In 2021, the novel was adapted as a playwright, where William Castaño-Bedoya takes us through the world of Ludovico. At first the reader may think that Ludovico is a character who intends to show us his limited and boring world, but as the story progresses, we discover a primary and elementary orb that does not lack its interpretations, its feelings, its compassion, and its passions. However, the reader faces the great and painful paradox of this novel, that Ludovico suffers and tells unconsciously. The drama of his life, restricted by his poor comprehension, his disobedient vision, and his clumsy ear, condemn him to a fractional understanding that he tries to fill with his fantasy. The story of the one who carries within him an unopened irony and whose simplicity leads us unexpectedly to the borders of laughter and crying. Ludovico lives, like an invisible veil, the double lack of expressing his world and of understanding the one around him.
2012 – 2016
In Flores para María Sucel, through the setting of the exiles of being, represented by Gilberto in his frequent escapes from his reality, he delivers a novel that teaches the transfer of several generations through a difficult Colombia. There is always a continuous observance of the causes that make the characters unique, without losing their universality. María Sucel represents the Latin American woman who fights for the survival of her family, sacrificing her own right to be happy.
Flores began to be structured in the emergency room of the hospital where María Sucel passed away, and then continued in old Caldas, where William traveled in 1994 to investigate the life of a generation passed to Maria Sucel and Gilberto, following in the footsteps of his great-grandparents. He mostly wrote between the fragments of time allowed during his constant travel to countries in the continent, writing on the planes and in the hotels where he stayed. William decided to incorporate the novel with a high content of fiction because he did not want to make it autobiographical, but simply with the intention to highlight aspects of the human condition. Hence, Flores para María Sucel became a piece of historical fiction that preserves real moments in which the death of María Sucel, who died in 1993 as a victim of medical malpractice at a high-ranking clinic in Bogotá, stands out. The malpractice occurred when performing routine exams prior to her trip to the United States, where she would join William. The novel was completed in 2006. A very short printing of copies served for its presentation among friends in the Books & Books bookstore of Coral Gables. The novel was saved, and it was with Book&Bilias that it was dusted off, and it had some style tweaks made, helped by his friends.
2021
William’s literary work has deepened on different fronts. In evolution are several works of corporate fiction and political fiction, the most advanced being the novel We the Other People, which has been worked on for several years and will be published by the end of May 2023. For Ludovico, William has already made the adaptation for theater, with aspiration as a classical theater project that will be proposed to producers in the United States and Latin America. Likewise, William made the narration of Los Monólogos de Ludovico, in a work that catapults this novel as an indispensable piece within the modality of audiobooks.

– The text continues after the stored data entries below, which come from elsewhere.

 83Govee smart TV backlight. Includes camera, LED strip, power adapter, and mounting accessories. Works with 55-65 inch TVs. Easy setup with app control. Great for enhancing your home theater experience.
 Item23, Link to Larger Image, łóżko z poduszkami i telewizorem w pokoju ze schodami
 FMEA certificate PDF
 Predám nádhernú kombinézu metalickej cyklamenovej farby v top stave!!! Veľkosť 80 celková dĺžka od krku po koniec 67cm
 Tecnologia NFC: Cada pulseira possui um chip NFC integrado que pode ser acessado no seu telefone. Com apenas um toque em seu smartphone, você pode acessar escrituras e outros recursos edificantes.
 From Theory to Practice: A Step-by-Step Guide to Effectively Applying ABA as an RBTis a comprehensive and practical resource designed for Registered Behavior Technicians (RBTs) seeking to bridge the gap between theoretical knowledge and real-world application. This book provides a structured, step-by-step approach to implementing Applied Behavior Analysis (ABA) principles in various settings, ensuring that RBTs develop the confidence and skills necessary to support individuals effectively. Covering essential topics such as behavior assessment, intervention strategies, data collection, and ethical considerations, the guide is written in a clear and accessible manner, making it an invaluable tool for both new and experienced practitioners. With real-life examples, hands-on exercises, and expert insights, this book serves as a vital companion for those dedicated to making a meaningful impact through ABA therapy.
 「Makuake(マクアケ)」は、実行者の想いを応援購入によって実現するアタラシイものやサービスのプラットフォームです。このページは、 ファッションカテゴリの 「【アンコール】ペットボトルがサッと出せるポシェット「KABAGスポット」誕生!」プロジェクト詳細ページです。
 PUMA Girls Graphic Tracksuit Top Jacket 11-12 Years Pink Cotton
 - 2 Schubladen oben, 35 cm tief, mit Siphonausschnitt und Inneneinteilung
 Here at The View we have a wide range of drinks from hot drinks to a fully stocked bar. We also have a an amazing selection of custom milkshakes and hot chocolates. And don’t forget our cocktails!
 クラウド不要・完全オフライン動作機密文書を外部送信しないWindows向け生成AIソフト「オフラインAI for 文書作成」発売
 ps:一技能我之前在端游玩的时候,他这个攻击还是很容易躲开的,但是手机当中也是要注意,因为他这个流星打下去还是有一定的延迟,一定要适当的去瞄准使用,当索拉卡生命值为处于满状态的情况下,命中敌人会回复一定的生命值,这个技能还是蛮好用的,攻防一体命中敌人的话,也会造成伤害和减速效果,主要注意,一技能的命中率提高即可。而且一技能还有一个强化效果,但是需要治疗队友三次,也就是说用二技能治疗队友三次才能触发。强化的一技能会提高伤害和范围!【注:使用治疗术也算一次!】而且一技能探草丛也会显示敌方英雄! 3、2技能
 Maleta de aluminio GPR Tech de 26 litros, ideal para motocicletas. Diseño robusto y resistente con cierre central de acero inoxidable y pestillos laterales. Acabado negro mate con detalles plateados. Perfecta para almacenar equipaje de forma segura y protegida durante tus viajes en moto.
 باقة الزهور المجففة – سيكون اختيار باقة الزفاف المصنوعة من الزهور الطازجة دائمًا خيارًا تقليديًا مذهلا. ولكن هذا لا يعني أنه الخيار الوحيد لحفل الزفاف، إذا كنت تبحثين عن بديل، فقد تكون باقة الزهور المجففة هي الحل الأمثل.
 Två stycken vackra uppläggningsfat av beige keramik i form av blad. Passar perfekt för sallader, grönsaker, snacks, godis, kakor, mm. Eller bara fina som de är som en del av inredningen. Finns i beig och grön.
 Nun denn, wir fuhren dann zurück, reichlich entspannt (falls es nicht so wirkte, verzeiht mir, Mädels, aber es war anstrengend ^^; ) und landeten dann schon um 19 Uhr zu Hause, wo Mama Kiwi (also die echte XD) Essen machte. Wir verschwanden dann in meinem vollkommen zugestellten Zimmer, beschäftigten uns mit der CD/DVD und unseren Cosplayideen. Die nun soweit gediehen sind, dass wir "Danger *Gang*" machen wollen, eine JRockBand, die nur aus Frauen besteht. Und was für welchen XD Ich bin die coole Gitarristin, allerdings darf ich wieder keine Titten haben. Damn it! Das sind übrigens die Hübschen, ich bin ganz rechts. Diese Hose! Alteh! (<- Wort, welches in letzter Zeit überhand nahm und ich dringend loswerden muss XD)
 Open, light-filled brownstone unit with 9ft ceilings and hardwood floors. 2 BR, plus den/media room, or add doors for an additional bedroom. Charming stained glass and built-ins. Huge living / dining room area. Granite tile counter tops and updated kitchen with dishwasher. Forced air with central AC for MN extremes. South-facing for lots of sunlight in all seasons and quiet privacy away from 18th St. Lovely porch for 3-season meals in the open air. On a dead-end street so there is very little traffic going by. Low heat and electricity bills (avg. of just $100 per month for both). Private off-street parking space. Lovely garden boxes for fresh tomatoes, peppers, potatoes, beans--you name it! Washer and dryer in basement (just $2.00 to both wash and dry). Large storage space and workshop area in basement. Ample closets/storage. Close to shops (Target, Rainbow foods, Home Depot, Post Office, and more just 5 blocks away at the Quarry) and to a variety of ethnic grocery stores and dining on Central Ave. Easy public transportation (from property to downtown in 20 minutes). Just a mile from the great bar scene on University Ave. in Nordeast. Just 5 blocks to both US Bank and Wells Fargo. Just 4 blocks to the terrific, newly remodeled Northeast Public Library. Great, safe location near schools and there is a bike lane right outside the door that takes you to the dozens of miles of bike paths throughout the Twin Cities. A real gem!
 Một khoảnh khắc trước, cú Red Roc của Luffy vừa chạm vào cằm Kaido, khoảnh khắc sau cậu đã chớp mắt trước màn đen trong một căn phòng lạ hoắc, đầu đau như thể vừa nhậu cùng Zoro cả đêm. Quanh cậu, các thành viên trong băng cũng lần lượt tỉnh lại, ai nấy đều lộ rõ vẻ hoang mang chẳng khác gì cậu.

Although his work has not been exhibited commercially or distributed until now, William was recognized in 2016 with the Medal of Literary Merit that the Government of Quindío, confers on its citizens. In 2019 William decides to leave the entire corporate world and immerse himself completely in literature, a profession he exercises with care from the freedom of his thoughts. William’s works are in the process of translation to English as they will be presented to the American public in the winter of 2022. William is a Colombian American citizen and resides, with his family, in the city of Coral Gables in the State of Florida.